In the process of resolving this problem for Rubi 3, I discovered (rediscovered?) some amazing two-term recurrence equations for integrating such expressions. Rules based on these recurrences do not suffer from recursive fan-out, nor do they require partial fraction expansion or advanced methods like the Risch algorithm. Now it takes Rubi 3 only 11 steps to integrate the above expression.

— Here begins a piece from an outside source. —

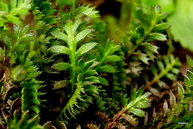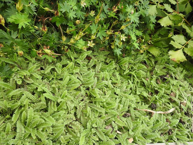 Liście pierzaste, przypominające niektóre krwawniki lub pięciorniki (np. srebrnik), zmieniające zabarwienie w zależności od nasłonecznienia i pory roku.
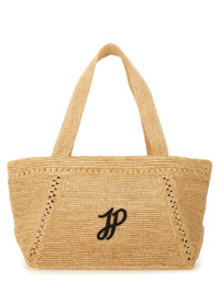 LARGE RAFFIA MONOGRAM JP TRAPEZE TOTE BAG

Achieving two-term closure for the recurrences required generalizing the integrands to expressions of the form x^m (A+B x^k) (a+b x^k+c x^(2k))^n. The 6 recurrences are listed in the pdf file
Note that the form of these 6 trinomial recurrences and their effect on exponents are strikingly similar to the 6 recurrences for integrands of the form sin(x)^m (A+B sin(x)^k) (a+b sin(x)^k)^n when a^2=b^2 discussed at length in the sci.math.symbolic thread ?Trig integration rules sought?. There must be some grand underlying symmetry responsible for this similarity. Perhaps someone smarter than me can figure it out...